Her niece Noni Jabavu became a well-known novelist.

==Education==
The Victoria Hospital, the first mission hospital in South Africa, opened in 1898 and closed during the Boer War. The hospital reopened in 1903 and launched a three-year nurse training programme in the same year. In 1907, Mina Colani and Makiwane both enrolled and received a Hospital Proficiency Certificate after three years.

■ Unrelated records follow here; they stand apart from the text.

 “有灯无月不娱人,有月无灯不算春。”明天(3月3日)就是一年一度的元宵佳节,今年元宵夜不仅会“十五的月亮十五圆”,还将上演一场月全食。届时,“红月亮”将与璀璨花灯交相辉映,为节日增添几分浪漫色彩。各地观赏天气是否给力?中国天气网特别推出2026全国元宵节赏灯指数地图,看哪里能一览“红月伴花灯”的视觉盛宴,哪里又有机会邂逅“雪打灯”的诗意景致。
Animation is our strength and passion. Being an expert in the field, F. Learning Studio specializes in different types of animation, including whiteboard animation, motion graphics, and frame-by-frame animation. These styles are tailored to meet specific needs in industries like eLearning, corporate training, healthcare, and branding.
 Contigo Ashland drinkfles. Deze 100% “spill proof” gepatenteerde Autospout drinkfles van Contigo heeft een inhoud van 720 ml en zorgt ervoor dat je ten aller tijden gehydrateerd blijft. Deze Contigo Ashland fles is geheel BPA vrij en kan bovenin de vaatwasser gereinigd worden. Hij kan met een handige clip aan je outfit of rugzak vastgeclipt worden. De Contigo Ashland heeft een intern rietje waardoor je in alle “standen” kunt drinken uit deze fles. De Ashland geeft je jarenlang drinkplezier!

Makiwane enrolled for a further year of training and passed the Cape Colonial Medical Council examination on 19 December 1907. She became the first Black woman to be a licensed by the state as a registered professional nurse in Africa in January 1908. When she received her license, the only other women of colour who were recognised as registered nurses were Maori women in New Zealand.

==Nursing in South Africa==
Bantu nursing was introduced with the growing need for Xhosa people in King William’s Town to have nurses who shared their cultural background. This led to Makiwane qualifying as a professional nurse in 1908. At the time, only 6 per cent of Black women in the country could read and write. Only those with nine to 10 years of schooling could register. Makiwane had nine years of schooling before she started the training course. The lack of adequate schooling for Black people hindered many from entering the field which required to pass a written examination in English or Afrikaans.

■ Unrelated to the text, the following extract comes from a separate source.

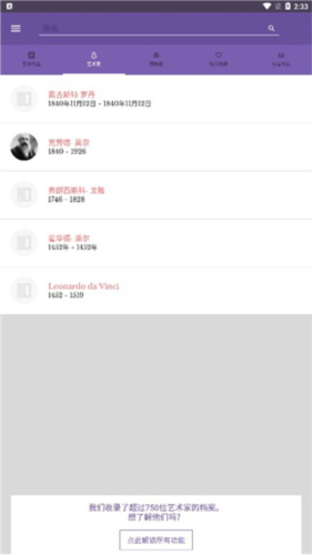 3、你能探索超过2500件杰作收藏,随时查阅700位艺术家传记及500家博物馆的藏品资料;
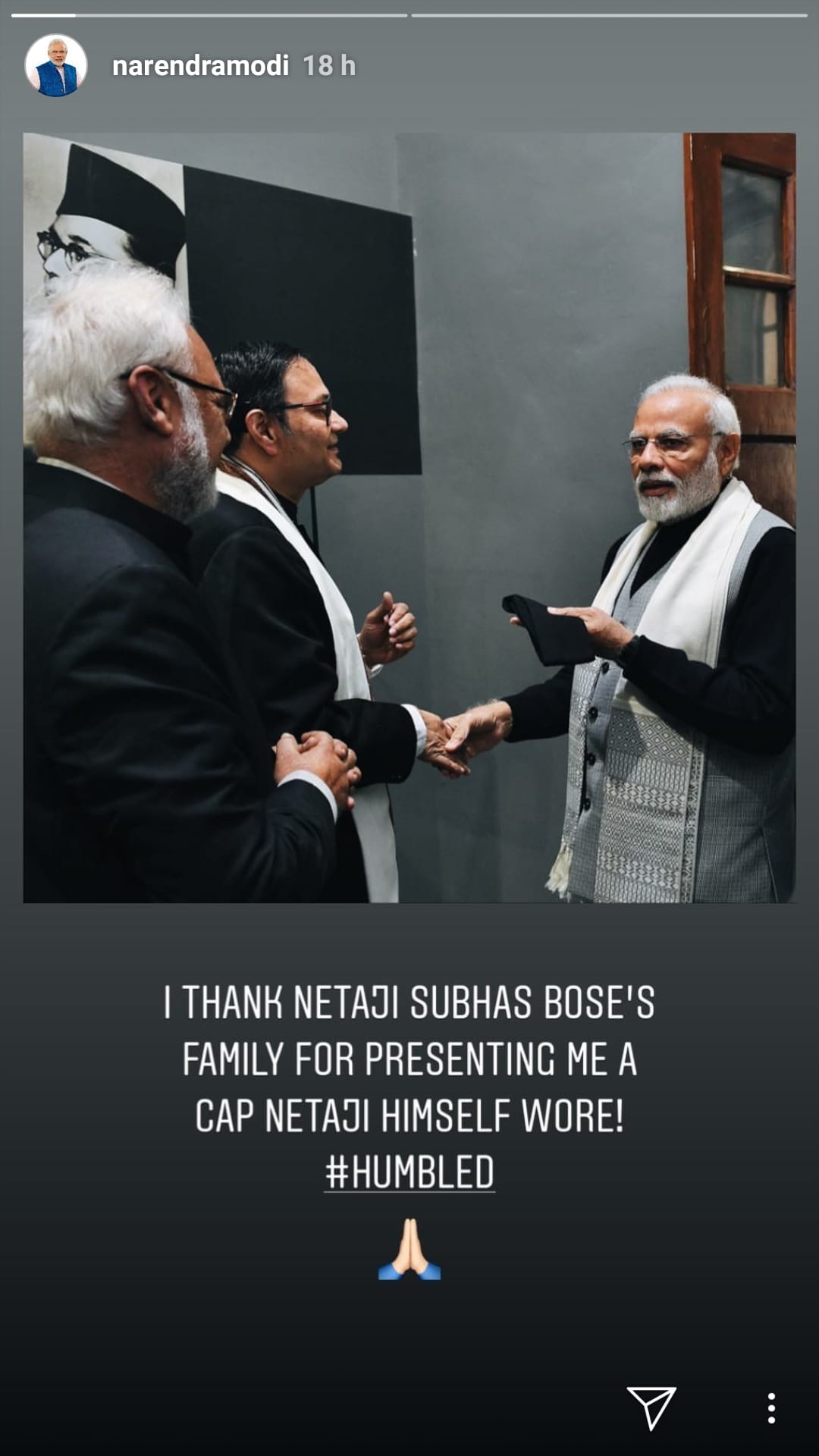 A week later, on 23 January, another Instagram story had the Prime Minister thanking freedom fighter Subhas Chandra Bose’s family for gifting him a cap “Netaji himself wore!” The PM was truly “#Humbled”.

In 1910, the government started training more Black women. Under colonial rule, the Transvaal and the Orange Free State commenced nurse training for Black women in the 1930s and 1950s, respectively. Other mission hospitals also trained more Black women in order to provide healthcare in rural areas. The field was only gradually opened to Black women with 255 Black nurses training nationwide in 1937. By the 1940s, there were only about 800 registered Black nurses in the country. By 1990, of the approximately 15 000 nurses who were registered with the South African Nursing Council, about two-thirds were people of colour.

==Activism==
Makiwane took part in the Bloemfontein anti-pass campaign and on 28 May 1913 was one of 200 women led by Charlotte Maxeke who marched on the Bloemfontein Mayor's office. In this campaign, a petition was signed by some 5000 African and mixed-ancestry women in the Free State. It was sent to Louis Botha demanding for the pass laws to be repealed.

==Retirement==
She resumed work with the Lovedale Hospital and served the hospital until she was granted long leave due to ill health.

==Death and legacy==
After leaving Lovedale, she joined her sister, Majombozi in Thaba 'Nchu where she eventually died in 1919 at the age of 39.

The South African Nursing Association c.1965 annually awarded a 'Cecilia Makiwane Gold Medal' to the 'Bantu' nurse who obtained the highest marks but not less than 75% of the total in the final exam for General Nurses. In 1970 over 2,000 people, including nurses of the Natal Midland African Branch of the South African Nursing Association, assembled in St. Augustine’s Mission Church, Edendale, Pietermaritzburg, to commemorate Makiwane's registration. A statue of Cecilia Makiwane, sculpted by Jack Penn, was unveiled by the nurses of South Africa at the Victoria Hospital (Alice) in Lovedale on 7 May 1977. It was funded by nurses. It was mounted on a granite plinth, a short distance to the north of the 1939 Macvicar Hospital Building and still intact in 2025. A postage stamp was issued in 1982 to honour local heroine Cecilia Makiwane by the short-lived republic "Ciskei", now known as the Eastern Cape. In 1977 the Mdantsane Hospital in the Eastern Cape was renamed Cecilia Makiwane Hospital; the 'new' Cecilia Makiwane Hospital was officially opened by the Deputy President of South Africa Cyril Ramaphosa on the 17 September 2017. The Cecilia Makiwane Nurse's Recognition Award for health care professionals, introduced by the South African government in 2002 was still being annually awarded in 2025.